Data excerpts:
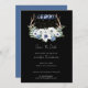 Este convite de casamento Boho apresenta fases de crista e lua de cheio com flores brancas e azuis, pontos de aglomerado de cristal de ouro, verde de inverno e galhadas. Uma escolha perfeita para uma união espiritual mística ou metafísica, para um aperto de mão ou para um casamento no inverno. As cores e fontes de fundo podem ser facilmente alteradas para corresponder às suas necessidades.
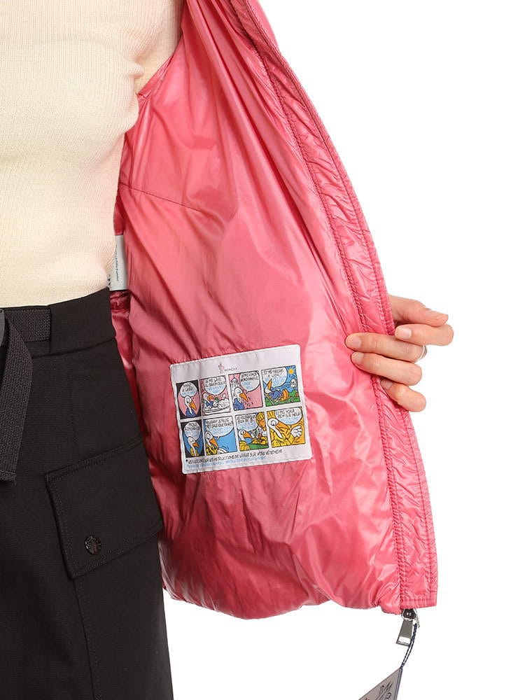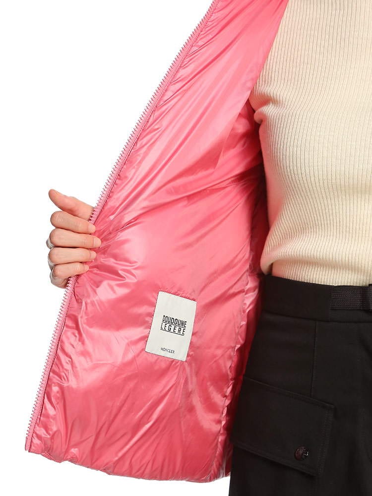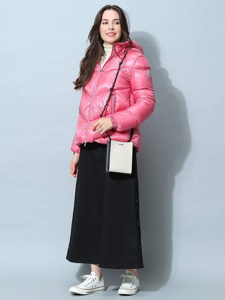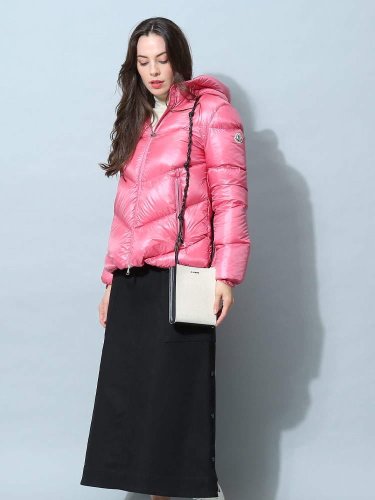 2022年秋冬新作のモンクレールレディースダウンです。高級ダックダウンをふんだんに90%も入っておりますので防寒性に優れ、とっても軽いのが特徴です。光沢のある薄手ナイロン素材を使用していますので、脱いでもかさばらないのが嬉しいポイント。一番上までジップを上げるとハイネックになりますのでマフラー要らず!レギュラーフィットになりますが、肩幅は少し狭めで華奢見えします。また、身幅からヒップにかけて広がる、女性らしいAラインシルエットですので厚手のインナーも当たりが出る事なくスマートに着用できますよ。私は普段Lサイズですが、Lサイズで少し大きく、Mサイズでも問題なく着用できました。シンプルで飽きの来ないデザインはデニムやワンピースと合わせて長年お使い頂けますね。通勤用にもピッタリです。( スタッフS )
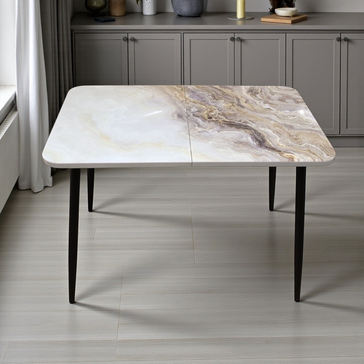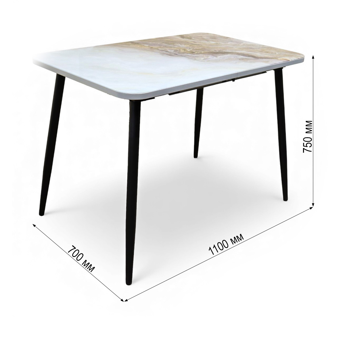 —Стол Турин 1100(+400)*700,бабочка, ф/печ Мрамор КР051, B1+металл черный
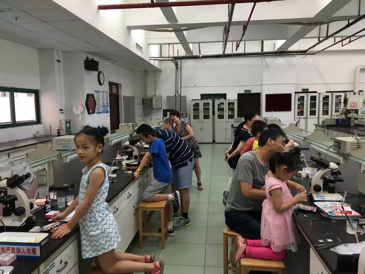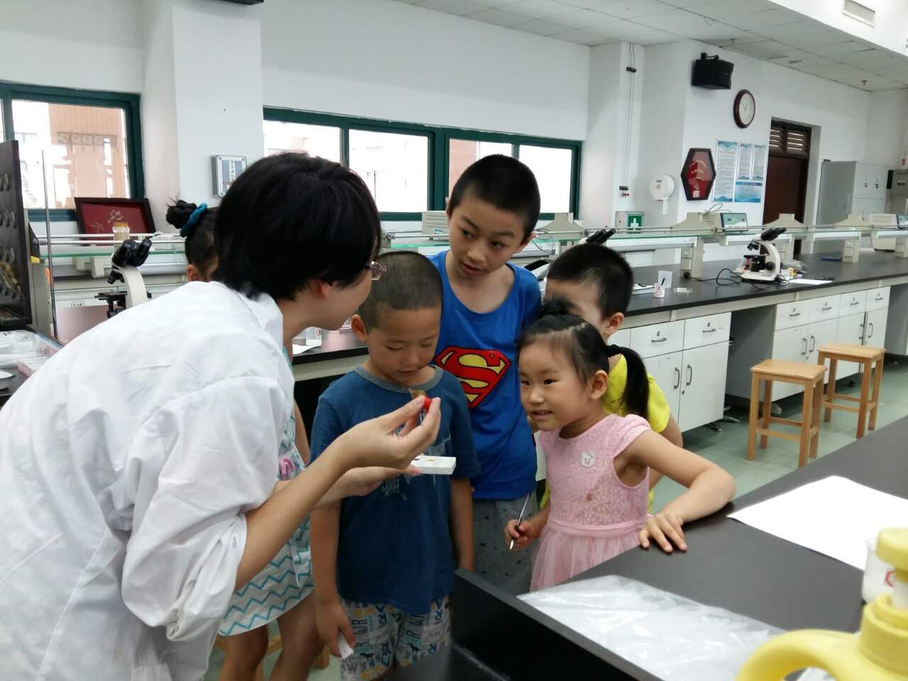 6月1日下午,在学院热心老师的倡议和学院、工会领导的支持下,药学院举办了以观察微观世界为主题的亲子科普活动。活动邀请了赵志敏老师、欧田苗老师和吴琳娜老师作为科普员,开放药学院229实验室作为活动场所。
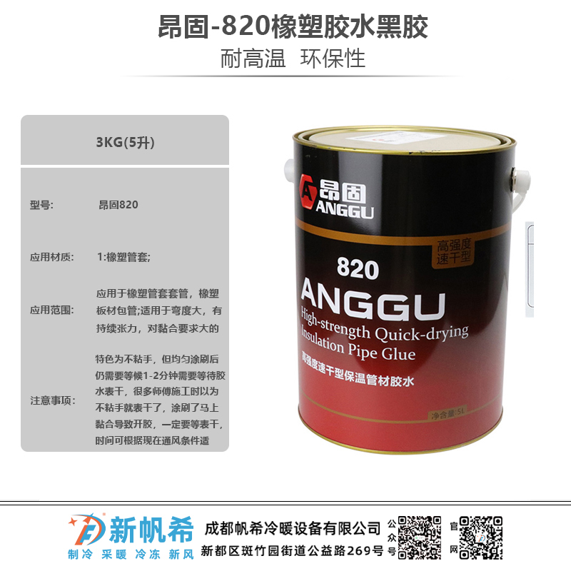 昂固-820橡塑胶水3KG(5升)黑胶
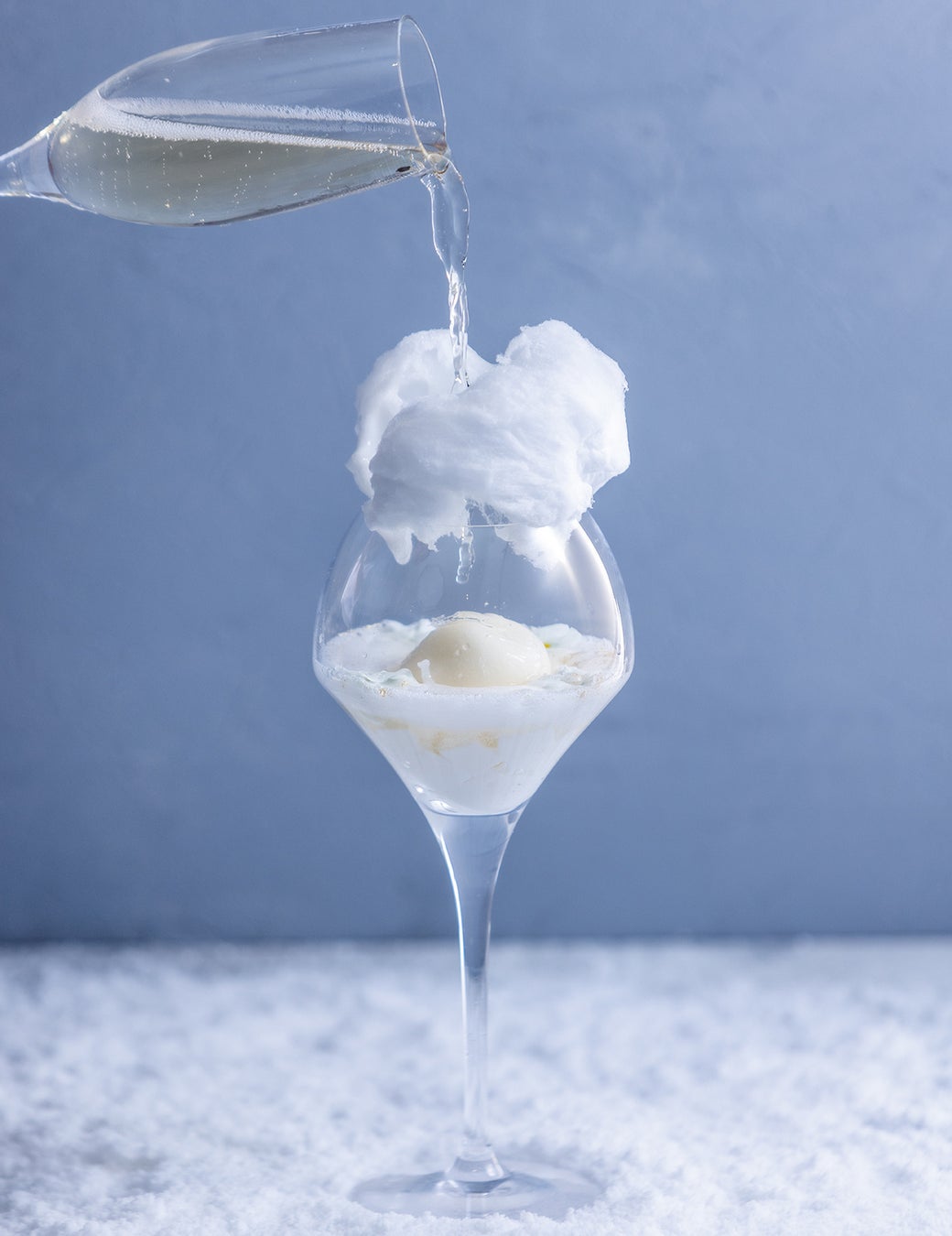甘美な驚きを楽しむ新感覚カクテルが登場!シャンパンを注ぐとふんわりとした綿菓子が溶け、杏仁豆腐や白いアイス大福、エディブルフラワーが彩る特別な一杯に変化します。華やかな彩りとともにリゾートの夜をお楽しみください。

Task details:
The pictures alone are to be left out when the data above is copied; all else must match exactly.

Response to this exercise:
 Este convite de casamento Boho apresenta fases de crista e lua de cheio com flores brancas e azuis, pontos de aglomerado de cristal de ouro, verde de inverno e galhadas. Uma escolha perfeita para uma união espiritual mística ou metafísica, para um aperto de mão ou para um casamento no inverno. As cores e fontes de fundo podem ser facilmente alteradas para corresponder às suas necessidades.
 2022年秋冬新作のモンクレールレディースダウンです。高級ダックダウンをふんだんに90%も入っておりますので防寒性に優れ、とっても軽いのが特徴です。光沢のある薄手ナイロン素材を使用していますので、脱いでもかさばらないのが嬉しいポイント。一番上までジップを上げるとハイネックになりますのでマフラー要らず!レギュラーフィットになりますが、肩幅は少し狭めで華奢見えします。また、身幅からヒップにかけて広がる、女性らしいAラインシルエットですので厚手のインナーも当たりが出る事なくスマートに着用できますよ。私は普段Lサイズですが、Lサイズで少し大きく、Mサイズでも問題なく着用できました。シンプルで飽きの来ないデザインはデニムやワンピースと合わせて長年お使い頂けますね。通勤用にもピッタリです。( スタッフS )
 —Стол Турин 1100(+400)*700,бабочка, ф/печ Мрамор КР051, B1+металл черный
 6月1日下午,在学院热心老师的倡议和学院、工会领导的支持下,药学院举办了以观察微观世界为主题的亲子科普活动。活动邀请了赵志敏老师、欧田苗老师和吴琳娜老师作为科普员,开放药学院229实验室作为活动场所。
 昂固-820橡塑胶水3KG(5升)黑胶
甘美な驚きを楽しむ新感覚カクテルが登場!シャンパンを注ぐとふんわりとした綿菓子が溶け、杏仁豆腐や白いアイス大福、エディブルフラワーが彩る特別な一杯に変化します。華やかな彩りとともにリゾートの夜をお楽しみください。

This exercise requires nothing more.